On the sire's side (for both foals): His mother was a bay and then both grandmother's were bay.



> On the second foal I am going to vote sooty-ish buckskin. Could tell a lot more if we knew what mamas base coat was before she grayed out.


On the second foal, papers say his mother was black for a base color?



> On the first foal what color Dun was mama?


On the first foal, the mother is a buckskin dun. (or brown dun??) Just to the left of the first photo you can see part of the mare. That was her color. I have a better picture if you need it.

Anyone else with an idea of what they could shed out to?


----------



## Plains Drifter (Aug 4, 2009)

Here are a couple more pictures of the second foal if that helps.




























What do you think?


----------



## Speed Racer (Oct 21, 2009)

Well, we know he's a colt, now..... :lol: :lol:


----------



## myhorsesonador (Jun 21, 2009)

The secound one look like he will gray out.


----------



## Plains Drifter (Aug 4, 2009)

Speed Racer said:


> Well, we know he's a colt, now..... :lol: :lol:


LOL! Too funny!


----------



## Plains Drifter (Aug 4, 2009)

Bump! Anyone else have any ideas?


----------



## Concealed45 (May 31, 2010)

My wife says Dun on the second one, she doesnt think it would be grey.

Said the first could be anything, Bay, Bay dun, or Buckskin


----------



## Plains Drifter (Aug 4, 2009)

Thank you.


----------



## haviris (Sep 16, 2009)

The first one is a bay. I'm thinking bay on the second one to, and don't think he will gray.


----------



## Jacksmama (Jan 27, 2010)

Hmm, with the new pics I am going dun for the second colt as well. Although he doesn't have barring on his legs he does have what looks like webbing on his face and a dorsal stripe. Maybe dad was actually dun?


----------



## SorrelHorse (Apr 9, 2009)

That one colt looks like he has the dorsal stripe. I wouldn't be surprised if he turned out to be dun.
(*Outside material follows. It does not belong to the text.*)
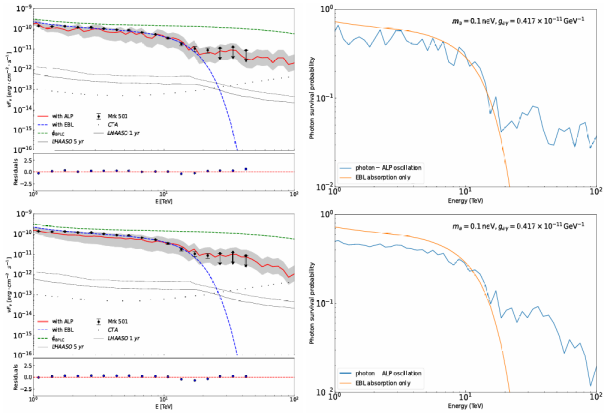 ALP是为解决量子色动力学(QCD)中的强CP(Charge-Parity,电荷宇称: 用于描述粒子在电荷共轭对称运算下的行为)问题而提出的一类超轻、伪标量粒子,被认为是暗物质的重要候选体之一。ALP与光子的耦合特性表明二者在磁场中能发生振荡,这一现象能在高能伽马射线能谱中留下特征性起伏,从而避免传统物理预测的TeV光子严重吸收问题。该论文详细分析了光子- ALP 束从活动星系核喷流到地球的传播过程,估算了高能光子的存活概率。通过考虑了包括喷流内的螺旋磁场、环形磁场,星系团中的高斯湍流场、结构空腔磁场等多种不同的磁场结构,发现ALP振荡模型可使TeV伽玛射线光子存活概率提高2-3个量级,抑制了河外星系背景光(EBL)吸收导致的能谱截断效应(图1)。该研究结果不仅为TeV源能谱异常现象提供了新的物理解释,还为国家重大科研基础设施-高海拔宇宙线观测站(LHAASO)搜寻ALP提供理论基础,同时也对深入理解宇宙中的物质成分和相互作用,尤其是暗物质探测具有重要意义。

As for the other one, he looks bay to me. Maybe you could post pics from all angles? I can't see if he has stripes or not. I'll double check the photos for the barring though.


----------



## Plains Drifter (Aug 4, 2009)

This is the newest picture of the first foal mentioned in the first post.










This is the second foal mentioned in the first post.










I'm still confused on what color they might be. Granted these are horrible pics.


----------